What is expected – Without the pictures, write out all the lines below exactly as they appear.

Source data –
....
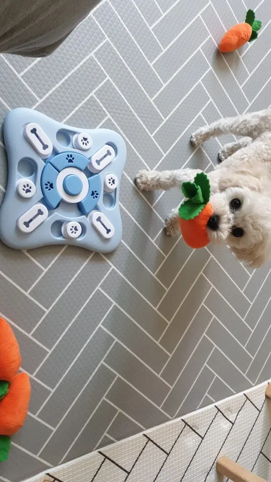 - Interactive Puzzle Toys: This interactive puzzle toy provides a fun way for pets to find food by sliding parts, enhancing their eating experience and IQ.
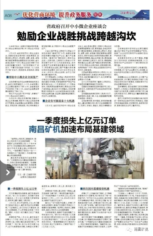 近日,南昌礦山機械有限公司(以下簡稱“南昌礦機”)總裁龔友良接受了江南都市報記者的采訪,并談到面對日益嚴峻的全球疫情,企業(yè)如何做到積極應對,并在當前的形勢之下迅速調整經營戰(zhàn)略,搶抓機遇。采訪報道中還提到,龔友良總裁認為“疫情只是公司發(fā)展過程中的一個插曲,未來南昌礦機還將從主機生產銷售,邁向系統(tǒng)集成總包及運營、備用備件生產銷售與主機生產為一體的全產業(yè)鏈運營,實現(xiàn)從制造業(yè)向制造服務業(yè)延伸的蛻變升級” 。
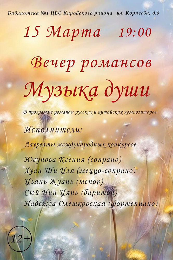 Библиотека №1 им. И. И. Лепсе приглашает на Вечер романсов "Музыка души". В программе романсы русских и китайских композиторов.
....
Written response –
 - Interactive Puzzle Toys: This interactive puzzle toy provides a fun way for pets to find food by sliding parts, enhancing their eating experience and IQ.
 近日,南昌礦山機械有限公司(以下簡稱“南昌礦機”)總裁龔友良接受了江南都市報記者的采訪,并談到面對日益嚴峻的全球疫情,企業(yè)如何做到積極應對,并在當前的形勢之下迅速調整經營戰(zhàn)略,搶抓機遇。采訪報道中還提到,龔友良總裁認為“疫情只是公司發(fā)展過程中的一個插曲,未來南昌礦機還將從主機生產銷售,邁向系統(tǒng)集成總包及運營、備用備件生產銷售與主機生產為一體的全產業(yè)鏈運營,實現(xiàn)從制造業(yè)向制造服務業(yè)延伸的蛻變升級” 。
 Библиотека №1 им. И. И. Лепсе приглашает на Вечер романсов "Музыка души". В программе романсы русских и китайских композиторов.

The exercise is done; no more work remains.